In 1918, along with being the Secretary of the Edgewood Grove Realty County, Sam was also the President of the Terre Haute Real Estate Board.

Sam and Cora’s son, Harry, married in 1919 and son, Fred, married in 1920.  By the 1920 census, Sam and Etta were now living without children in the home.  They had a servant living with them.

The next ten years showed Sam as General Manager of Standard Investment County, along with being the Secretary of the Edgewood Grove Realty Company.  In 1921, he purchased thirteen acres on Jordan Road in Owen County, Indiana.  In 1926, Sam bought his son Fred’s farm in Owen County, Indiana (Fred had bought property on Jordan Village Road and had built a farmhouse, barns, and a store building.  The house had indoor plumbing from a hydraulic ram bringing water from a spring in the woods. The house also had central heating from coal furnace which burned coal he dug up on the farm property).  After purchasing it, Sam rented the farm to his daughter Marie and her husband. In 1927, Sam was listed as the Treasurer of the Central Building and Loan Association.
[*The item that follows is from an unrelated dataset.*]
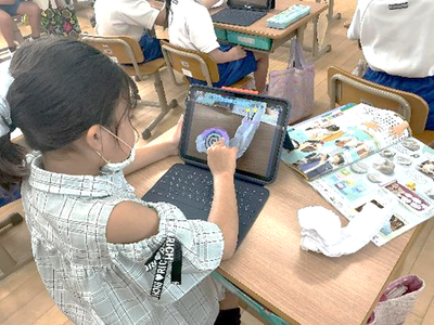Ipadを使って、色をつけていくとあっという間にいきものの登場です。
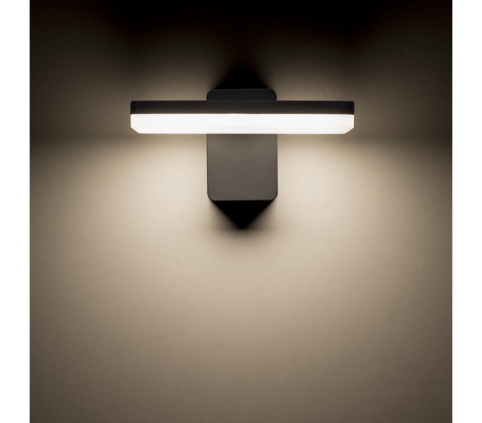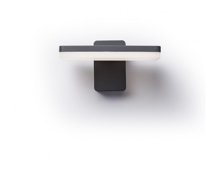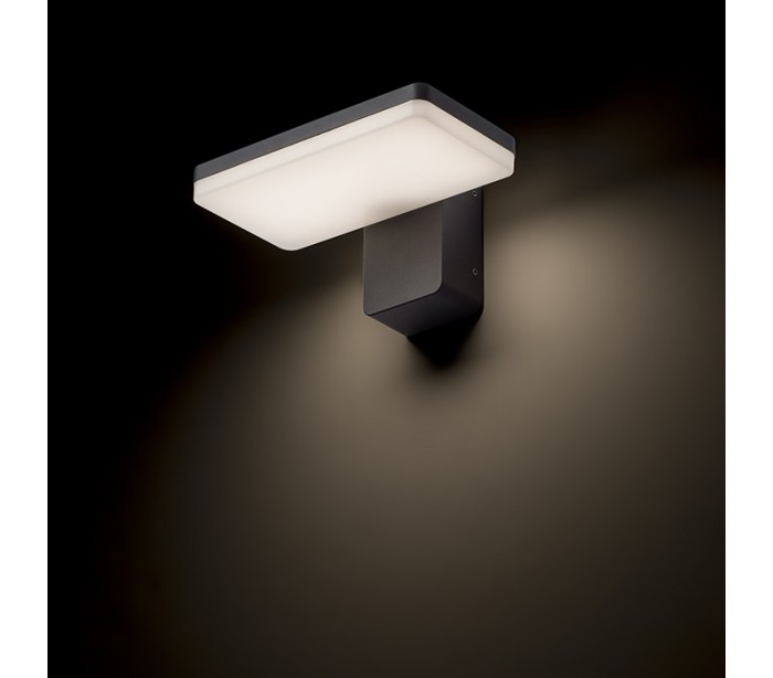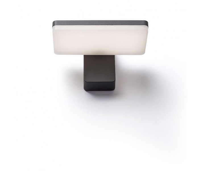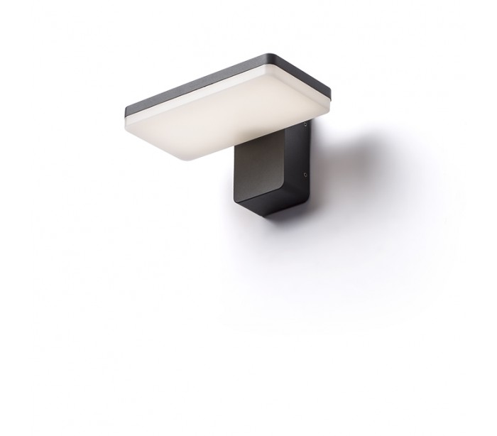 Væglampe til udendørs brug i et design, fremstillet i antracitfarvet aluminium. Lampen har indbygget LED lyskilde på 12W.

In the 1930 Terre Haute census, Sam and Etta were listed as living in the same home, along with their granddaughter, Mary.  Sam was listed as a real estate dealer.  He was also the President of the Indiana Real Estate Association.

In 1932 Sam formed the Gray Land Corporation.  this involved the property he owned in Owen County where the farm was.  In 1935, Sam’s son Harry died.  Harry had also been a real estate dealer in Terre Haute. That same year, Sam and Etta left Terre Haute and moved to the farm in Owen County, Indiana. Sam retained his numerous offices: from1936 to1938 he was the Treasurer of Standard Investment.  And in 1939, his beloved Lake Graybrook was completed.  The lake had been developed on Sam’s property in Owen County as a WPA project.  He built a big boathouse there and a cabin for his daughter Nye on five acres.  The rest of the lake property was sold as on or two acre properties.  Nye’s five acres remains in the family today.  The old cabin is gone, but was replaced by a three bedroom summer home where the family has spent every summer visiting since 1939.

In the 1940 census, Sam and Etta were listed as living on the farm.  He was also the Vice President of Central Federal Savings and Loan in Terre Haute.


 In 1946, Sam sold the farm to his granddaughter, Mary, and her husband.

In 1950 Sam’s daughter Marie died and in 1951, his daughter, Nye, died.

Sam died on the 6th of January in 1953. Sadly, when he died only one of his five children was living (Fred).  Sam had six grandchildren, five living when he died.  He also had four great-grandchildren at the time of his death.  Samuel Erskine Gray was ninety-one years old.  He is buried in Highland Lawn Cemetery in Terre Haute, along with his wife, Cora, and his children Fred, Harry and Gladys.

I think that Sam was a generous man based on letters I have found written to my grandmother Nye from him.  In one letter he mentioned that he had provided for his grandson’s (my dad) college tuition. He certainly started out life without anything living and working on a farm.  He appeared to be a quite ambitious man through-out his life who accomplished much.